#### What is expected
Return the entries below precisely, omitting nothing.

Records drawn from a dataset
↓↓↓
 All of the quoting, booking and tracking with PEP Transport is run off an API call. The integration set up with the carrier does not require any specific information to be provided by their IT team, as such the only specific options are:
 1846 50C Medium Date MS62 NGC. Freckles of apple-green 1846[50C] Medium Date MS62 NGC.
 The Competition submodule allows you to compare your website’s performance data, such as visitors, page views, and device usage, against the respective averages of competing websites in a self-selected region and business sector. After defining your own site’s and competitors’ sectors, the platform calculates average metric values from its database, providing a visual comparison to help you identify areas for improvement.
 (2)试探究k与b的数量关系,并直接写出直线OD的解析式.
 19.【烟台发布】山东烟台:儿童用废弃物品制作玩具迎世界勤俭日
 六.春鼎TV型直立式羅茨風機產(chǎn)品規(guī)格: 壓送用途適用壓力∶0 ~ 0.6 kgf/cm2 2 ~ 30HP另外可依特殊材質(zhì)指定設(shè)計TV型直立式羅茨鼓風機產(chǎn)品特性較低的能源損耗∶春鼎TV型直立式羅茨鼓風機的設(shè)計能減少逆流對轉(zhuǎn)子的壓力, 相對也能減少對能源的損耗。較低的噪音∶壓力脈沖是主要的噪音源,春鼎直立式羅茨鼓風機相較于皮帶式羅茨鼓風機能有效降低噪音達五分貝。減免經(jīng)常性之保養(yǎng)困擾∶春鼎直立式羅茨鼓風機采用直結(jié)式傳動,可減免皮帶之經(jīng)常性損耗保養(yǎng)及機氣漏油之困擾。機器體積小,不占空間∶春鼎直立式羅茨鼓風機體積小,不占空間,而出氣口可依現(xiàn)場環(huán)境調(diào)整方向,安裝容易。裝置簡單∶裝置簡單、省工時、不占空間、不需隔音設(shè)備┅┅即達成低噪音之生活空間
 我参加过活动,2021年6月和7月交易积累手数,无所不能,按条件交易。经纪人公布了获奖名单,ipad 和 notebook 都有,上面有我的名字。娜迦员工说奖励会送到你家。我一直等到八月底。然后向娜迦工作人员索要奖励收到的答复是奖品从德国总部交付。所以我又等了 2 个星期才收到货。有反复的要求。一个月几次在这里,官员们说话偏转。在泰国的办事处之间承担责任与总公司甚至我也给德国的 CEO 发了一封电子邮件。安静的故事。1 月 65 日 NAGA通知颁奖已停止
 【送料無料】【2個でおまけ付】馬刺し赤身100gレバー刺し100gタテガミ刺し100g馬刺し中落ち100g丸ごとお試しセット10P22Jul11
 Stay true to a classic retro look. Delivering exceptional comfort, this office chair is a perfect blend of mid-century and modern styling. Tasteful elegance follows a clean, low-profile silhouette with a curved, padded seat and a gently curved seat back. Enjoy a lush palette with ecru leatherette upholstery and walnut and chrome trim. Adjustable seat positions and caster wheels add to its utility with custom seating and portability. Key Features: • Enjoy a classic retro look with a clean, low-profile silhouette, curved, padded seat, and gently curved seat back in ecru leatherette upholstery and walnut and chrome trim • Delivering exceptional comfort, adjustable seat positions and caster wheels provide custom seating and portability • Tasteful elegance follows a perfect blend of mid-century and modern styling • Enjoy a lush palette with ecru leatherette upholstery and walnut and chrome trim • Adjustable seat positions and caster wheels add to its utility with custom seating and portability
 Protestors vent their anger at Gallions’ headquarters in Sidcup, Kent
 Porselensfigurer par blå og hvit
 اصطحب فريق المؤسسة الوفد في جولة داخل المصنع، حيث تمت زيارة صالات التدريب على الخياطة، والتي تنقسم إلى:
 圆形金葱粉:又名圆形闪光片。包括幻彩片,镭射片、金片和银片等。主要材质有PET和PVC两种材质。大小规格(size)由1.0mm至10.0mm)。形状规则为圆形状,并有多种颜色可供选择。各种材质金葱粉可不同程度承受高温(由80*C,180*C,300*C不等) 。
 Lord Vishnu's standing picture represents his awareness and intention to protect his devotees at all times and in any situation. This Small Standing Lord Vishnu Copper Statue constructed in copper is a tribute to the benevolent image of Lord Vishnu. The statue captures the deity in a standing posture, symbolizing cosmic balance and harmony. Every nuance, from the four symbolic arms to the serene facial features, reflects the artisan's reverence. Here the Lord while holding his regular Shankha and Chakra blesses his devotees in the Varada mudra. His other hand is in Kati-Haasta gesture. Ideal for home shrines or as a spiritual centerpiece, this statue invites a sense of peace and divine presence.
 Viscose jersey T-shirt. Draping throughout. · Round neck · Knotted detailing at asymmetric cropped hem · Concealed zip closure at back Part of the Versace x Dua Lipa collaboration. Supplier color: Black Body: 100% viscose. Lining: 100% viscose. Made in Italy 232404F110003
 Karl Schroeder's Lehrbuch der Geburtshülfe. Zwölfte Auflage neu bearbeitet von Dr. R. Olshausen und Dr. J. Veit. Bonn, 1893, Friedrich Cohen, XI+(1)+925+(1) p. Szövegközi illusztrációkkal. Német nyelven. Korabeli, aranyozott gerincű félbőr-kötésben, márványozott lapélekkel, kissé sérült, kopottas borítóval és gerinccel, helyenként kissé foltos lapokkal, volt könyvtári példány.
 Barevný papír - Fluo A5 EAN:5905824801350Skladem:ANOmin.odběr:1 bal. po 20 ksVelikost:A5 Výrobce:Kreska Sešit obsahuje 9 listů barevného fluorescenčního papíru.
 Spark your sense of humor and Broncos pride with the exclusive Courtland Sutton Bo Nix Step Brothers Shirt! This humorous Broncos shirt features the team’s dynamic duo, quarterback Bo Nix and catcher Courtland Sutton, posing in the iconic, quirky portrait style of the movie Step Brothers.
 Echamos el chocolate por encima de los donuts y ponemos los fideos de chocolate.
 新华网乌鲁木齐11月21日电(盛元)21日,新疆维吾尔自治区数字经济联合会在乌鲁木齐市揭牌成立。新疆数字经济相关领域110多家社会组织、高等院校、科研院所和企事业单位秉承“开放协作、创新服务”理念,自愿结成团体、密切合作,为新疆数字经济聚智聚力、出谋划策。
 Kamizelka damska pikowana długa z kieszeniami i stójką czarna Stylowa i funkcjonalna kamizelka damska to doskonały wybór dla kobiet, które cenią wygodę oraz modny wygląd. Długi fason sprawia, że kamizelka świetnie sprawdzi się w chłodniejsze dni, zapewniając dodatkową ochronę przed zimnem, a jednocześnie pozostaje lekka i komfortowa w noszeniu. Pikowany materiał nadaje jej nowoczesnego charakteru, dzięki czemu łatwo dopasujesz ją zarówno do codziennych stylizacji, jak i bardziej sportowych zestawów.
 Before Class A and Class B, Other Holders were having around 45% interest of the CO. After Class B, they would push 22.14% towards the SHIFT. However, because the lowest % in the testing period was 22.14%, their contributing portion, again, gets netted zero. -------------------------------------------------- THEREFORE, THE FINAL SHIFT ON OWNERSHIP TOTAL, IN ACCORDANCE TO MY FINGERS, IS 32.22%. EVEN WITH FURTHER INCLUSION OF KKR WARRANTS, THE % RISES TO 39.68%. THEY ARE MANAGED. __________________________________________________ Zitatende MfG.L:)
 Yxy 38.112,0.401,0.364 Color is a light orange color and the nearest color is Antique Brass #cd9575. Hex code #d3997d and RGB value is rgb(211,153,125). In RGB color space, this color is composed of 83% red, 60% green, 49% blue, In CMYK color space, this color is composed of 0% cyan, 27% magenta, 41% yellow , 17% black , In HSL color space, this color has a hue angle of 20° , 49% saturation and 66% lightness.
↑↑↑
#### Solved exercise
 All of the quoting, booking and tracking with PEP Transport is run off an API call. The integration set up with the carrier does not require any specific information to be provided by their IT team, as such the only specific options are:
 1846 50C Medium Date MS62 NGC. Freckles of apple-green 1846[50C] Medium Date MS62 NGC.
 The Competition submodule allows you to compare your website’s performance data, such as visitors, page views, and device usage, against the respective averages of competing websites in a self-selected region and business sector. After defining your own site’s and competitors’ sectors, the platform calculates average metric values from its database, providing a visual comparison to help you identify areas for improvement.
 (2)试探究k与b的数量关系,并直接写出直线OD的解析式.
 19.【烟台发布】山东烟台:儿童用废弃物品制作玩具迎世界勤俭日
 六.春鼎TV型直立式羅茨風機產(chǎn)品規(guī)格: 壓送用途適用壓力∶0 ~ 0.6 kgf/cm2 2 ~ 30HP另外可依特殊材質(zhì)指定設(shè)計TV型直立式羅茨鼓風機產(chǎn)品特性較低的能源損耗∶春鼎TV型直立式羅茨鼓風機的設(shè)計能減少逆流對轉(zhuǎn)子的壓力, 相對也能減少對能源的損耗。較低的噪音∶壓力脈沖是主要的噪音源,春鼎直立式羅茨鼓風機相較于皮帶式羅茨鼓風機能有效降低噪音達五分貝。減免經(jīng)常性之保養(yǎng)困擾∶春鼎直立式羅茨鼓風機采用直結(jié)式傳動,可減免皮帶之經(jīng)常性損耗保養(yǎng)及機氣漏油之困擾。機器體積小,不占空間∶春鼎直立式羅茨鼓風機體積小,不占空間,而出氣口可依現(xiàn)場環(huán)境調(diào)整方向,安裝容易。裝置簡單∶裝置簡單、省工時、不占空間、不需隔音設(shè)備┅┅即達成低噪音之生活空間
 我参加过活动,2021年6月和7月交易积累手数,无所不能,按条件交易。经纪人公布了获奖名单,ipad 和 notebook 都有,上面有我的名字。娜迦员工说奖励会送到你家。我一直等到八月底。然后向娜迦工作人员索要奖励收到的答复是奖品从德国总部交付。所以我又等了 2 个星期才收到货。有反复的要求。一个月几次在这里,官员们说话偏转。在泰国的办事处之间承担责任与总公司甚至我也给德国的 CEO 发了一封电子邮件。安静的故事。1 月 65 日 NAGA通知颁奖已停止
 【送料無料】【2個でおまけ付】馬刺し赤身100gレバー刺し100gタテガミ刺し100g馬刺し中落ち100g丸ごとお試しセット10P22Jul11
 Stay true to a classic retro look. Delivering exceptional comfort, this office chair is a perfect blend of mid-century and modern styling. Tasteful elegance follows a clean, low-profile silhouette with a curved, padded seat and a gently curved seat back. Enjoy a lush palette with ecru leatherette upholstery and walnut and chrome trim. Adjustable seat positions and caster wheels add to its utility with custom seating and portability. Key Features: • Enjoy a classic retro look with a clean, low-profile silhouette, curved, padded seat, and gently curved seat back in ecru leatherette upholstery and walnut and chrome trim • Delivering exceptional comfort, adjustable seat positions and caster wheels provide custom seating and portability • Tasteful elegance follows a perfect blend of mid-century and modern styling • Enjoy a lush palette with ecru leatherette upholstery and walnut and chrome trim • Adjustable seat positions and caster wheels add to its utility with custom seating and portability
 Protestors vent their anger at Gallions’ headquarters in Sidcup, Kent
 Porselensfigurer par blå og hvit
 اصطحب فريق المؤسسة الوفد في جولة داخل المصنع، حيث تمت زيارة صالات التدريب على الخياطة، والتي تنقسم إلى:
 圆形金葱粉:又名圆形闪光片。包括幻彩片,镭射片、金片和银片等。主要材质有PET和PVC两种材质。大小规格(size)由1.0mm至10.0mm)。形状规则为圆形状,并有多种颜色可供选择。各种材质金葱粉可不同程度承受高温(由80*C,180*C,300*C不等) 。
 Lord Vishnu's standing picture represents his awareness and intention to protect his devotees at all times and in any situation. This Small Standing Lord Vishnu Copper Statue constructed in copper is a tribute to the benevolent image of Lord Vishnu. The statue captures the deity in a standing posture, symbolizing cosmic balance and harmony. Every nuance, from the four symbolic arms to the serene facial features, reflects the artisan's reverence. Here the Lord while holding his regular Shankha and Chakra blesses his devotees in the Varada mudra. His other hand is in Kati-Haasta gesture. Ideal for home shrines or as a spiritual centerpiece, this statue invites a sense of peace and divine presence.
 Viscose jersey T-shirt. Draping throughout. · Round neck · Knotted detailing at asymmetric cropped hem · Concealed zip closure at back Part of the Versace x Dua Lipa collaboration. Supplier color: Black Body: 100% viscose. Lining: 100% viscose. Made in Italy 232404F110003
 Karl Schroeder's Lehrbuch der Geburtshülfe. Zwölfte Auflage neu bearbeitet von Dr. R. Olshausen und Dr. J. Veit. Bonn, 1893, Friedrich Cohen, XI+(1)+925+(1) p. Szövegközi illusztrációkkal. Német nyelven. Korabeli, aranyozott gerincű félbőr-kötésben, márványozott lapélekkel, kissé sérült, kopottas borítóval és gerinccel, helyenként kissé foltos lapokkal, volt könyvtári példány.
 Barevný papír - Fluo A5 EAN:5905824801350Skladem:ANOmin.odběr:1 bal. po 20 ksVelikost:A5 Výrobce:Kreska Sešit obsahuje 9 listů barevného fluorescenčního papíru.
 Spark your sense of humor and Broncos pride with the exclusive Courtland Sutton Bo Nix Step Brothers Shirt! This humorous Broncos shirt features the team’s dynamic duo, quarterback Bo Nix and catcher Courtland Sutton, posing in the iconic, quirky portrait style of the movie Step Brothers.
 Echamos el chocolate por encima de los donuts y ponemos los fideos de chocolate.
 新华网乌鲁木齐11月21日电(盛元)21日,新疆维吾尔自治区数字经济联合会在乌鲁木齐市揭牌成立。新疆数字经济相关领域110多家社会组织、高等院校、科研院所和企事业单位秉承“开放协作、创新服务”理念,自愿结成团体、密切合作,为新疆数字经济聚智聚力、出谋划策。
 Kamizelka damska pikowana długa z kieszeniami i stójką czarna Stylowa i funkcjonalna kamizelka damska to doskonały wybór dla kobiet, które cenią wygodę oraz modny wygląd. Długi fason sprawia, że kamizelka świetnie sprawdzi się w chłodniejsze dni, zapewniając dodatkową ochronę przed zimnem, a jednocześnie pozostaje lekka i komfortowa w noszeniu. Pikowany materiał nadaje jej nowoczesnego charakteru, dzięki czemu łatwo dopasujesz ją zarówno do codziennych stylizacji, jak i bardziej sportowych zestawów.
 Before Class A and Class B, Other Holders were having around 45% interest of the CO. After Class B, they would push 22.14% towards the SHIFT. However, because the lowest % in the testing period was 22.14%, their contributing portion, again, gets netted zero. -------------------------------------------------- THEREFORE, THE FINAL SHIFT ON OWNERSHIP TOTAL, IN ACCORDANCE TO MY FINGERS, IS 32.22%. EVEN WITH FURTHER INCLUSION OF KKR WARRANTS, THE % RISES TO 39.68%. THEY ARE MANAGED. __________________________________________________ Zitatende MfG.L:)
 Yxy 38.112,0.401,0.364 Color is a light orange color and the nearest color is Antique Brass #cd9575. Hex code #d3997d and RGB value is rgb(211,153,125). In RGB color space, this color is composed of 83% red, 60% green, 49% blue, In CMYK color space, this color is composed of 0% cyan, 27% magenta, 41% yellow , 17% black , In HSL color space, this color has a hue angle of 20° , 49% saturation and 66% lightness.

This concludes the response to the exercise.